-------- Extracted information --------

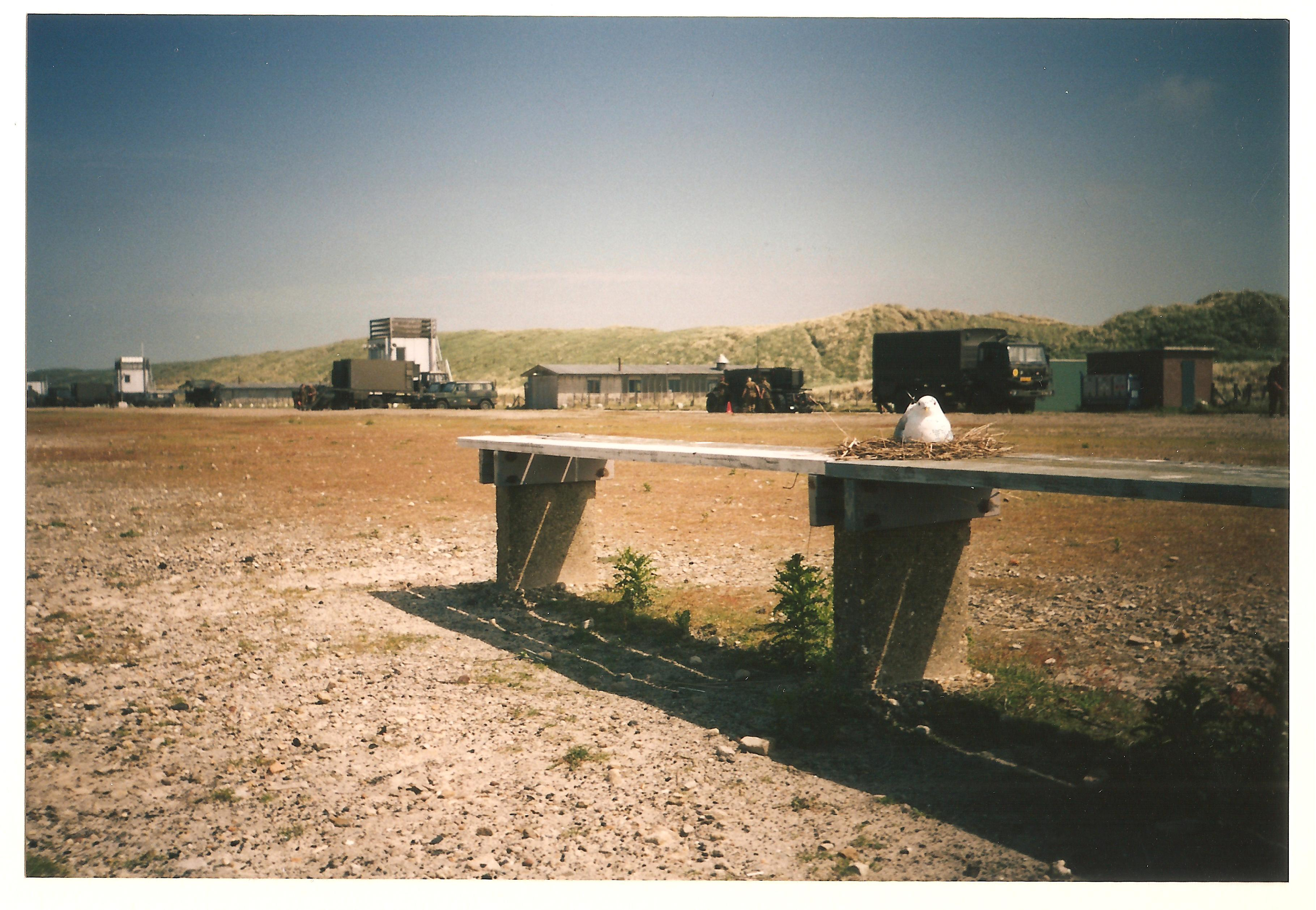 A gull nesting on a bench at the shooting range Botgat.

--------
-------- Extracted information --------

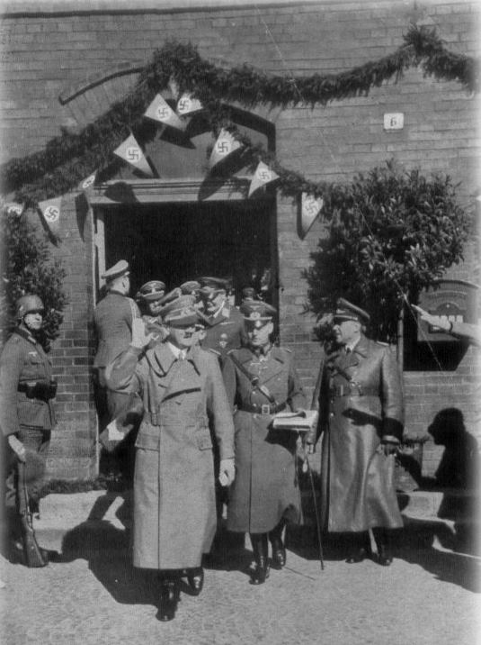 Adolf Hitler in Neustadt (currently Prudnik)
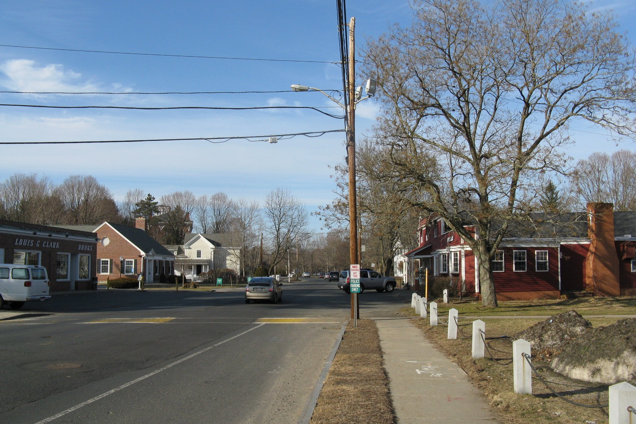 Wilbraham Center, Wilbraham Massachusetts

--------

== Instructions to follow ==
Above are the records. Copy only the lines from the one with "Adolf Hitler in Neustadt (currently Prudnik)" through the one with "Wilbraham Center, Wilbraham Massachusetts", exactly, with no pictures.

== Exercise solution ==
 Adolf Hitler in Neustadt (currently Prudnik)
 Wilbraham Center, Wilbraham Massachusetts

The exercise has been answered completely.